Telangana Festivals: A Guide to Bathukamma, Bonalu and More

Guide details

Best time to visit

September/October for Bathukamma, the signature Telangana festival; July/August for Bonalu; Ramzan for the old city of Hyderabad, though its dates vary; the Medaram Jatara falls every two years, usually around February. Note that most festival dates shift each year with the lunar calendar, so it is worth checking locally before you travel.

How to get there

Telangana is well connected by air, rail and road. Hyderabad’s Rajiv Gandhi International Airport is the main gateway to the state and Hyderabad is also a major rail hub with links across South India. Hyderabad and Secunderabad are the places to be for Bonalu and Ramzan, while the lakes and Tank Bund area are popular spots for Bathukamma immersions. Medaram, the site of the Sammakka Saralamma Jatara, lies near Warangal and is best reached via Warangal town during the festival.

Highlights

Bathukamma the flower festival, Bonalu and its pot-bearing processions, Ramzan nights around the Charminar, the Khairatabad Ganesh, Ugadi, the Medaram Sammakka Saralamma Jatara, Bhadrachalam Sri Rama Navami, temple brahmotsavams

Good for

Culture and festival travellers, photographers, families, folk-tradition and women’s-festival enthusiasts, spiritual travellers, anyone wanting to see living Telangana identity

Price range

Most festivals are free to watch and take part in as a respectful onlooker, though the Medaram Jatara and other big temple festivals draw enormous crowds and require careful planning. Accommodation in Hyderabad and near major festival sites tends to rise in price during peak festival periods, so it pays to book ahead. No fixed figures can be given, as costs vary by season and provider.

Telangana is a young state with an old soul, and nowhere is that more visible than in its festival calendar. Formed in 2014, Telangana has spent the years since statehood pouring civic pride and public investment into its own folk festivals, chiefly Bathukamma and Bonalu, elevating them from village and neighbourhood traditions into markers of state identity celebrated with genuine fervour across cities, towns and villages alike. Alongside these homegrown celebrations sits the wider Telugu Hindu festival calendar shared with neighbouring Andhra Pradesh, the richly layered Deccani Muslim traditions of Hyderabad built up over centuries of Nizami rule, and a network of rural jataras and temple festivals that draw pilgrims from across the region. Together they give Telangana a festival identity that feels distinctly its own rather than a footnote to its larger neighbours.

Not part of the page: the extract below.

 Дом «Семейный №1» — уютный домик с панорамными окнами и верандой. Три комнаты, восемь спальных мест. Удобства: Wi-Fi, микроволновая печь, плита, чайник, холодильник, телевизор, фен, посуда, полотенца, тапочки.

As with most festivals rooted in the Hindu and Telugu lunar calendars, exact dates shift from year to year rather than falling on a fixed day of the Gregorian calendar. Where this guide gives a month, treat it as a general window and check locally closer to the time, since local temple committees and government calendars are the most reliable sources for confirmed dates.

Bathukamma: the flower festival

Bathukamma is widely regarded as Telangana’s own festival, and it is arguably the most visually beautiful expression of the state’s culture. It usually falls in September or October, around the time of Dussehra and Navaratri, in the Telugu month of Ashwayuja, and it runs for nine days, ending on what is known as Saddula Bathukamma. The festival is celebrated predominantly by women and girls, who gather each evening to build the bathukamma itself: a conical, tiered stack of seasonal flowers such as gunugu, tangedu (tanner’s cassia), marigold and celosia, carefully arranged in concentric layers on a brass or metal plate.

Once built, the flower stacks are placed in a courtyard or open space and women gather around them in the evening light to sing traditional Bathukamma songs and dance in slow circles, clapping and swaying as they sing. The songs themselves are an oral tradition in their own right, touching on nature, family, mythology and the changing seasons. According to tradition, the festival honours the goddess Gauri, worshipped here in her form as Bathukamma, or Maha Gauri, and is understood as a celebration of womanhood, of nature’s bounty at the end of the monsoon, and of community. On the final day, the flower stacks are carried in procession to a local tank, lake or other body of water and ceremonially immersed, accompanied by more singing and dancing. A traditional food offering called maleeda, a sweet mixture often based on jaggery and wheat or rice, along with sattu, is prepared and shared during the festival. For visitors, the sight of hundreds of flower stacks glowing at dusk beside a lake, surrounded by singing women in bright silk sarees, is one of the most memorable scenes South Indian festival travel has to offer.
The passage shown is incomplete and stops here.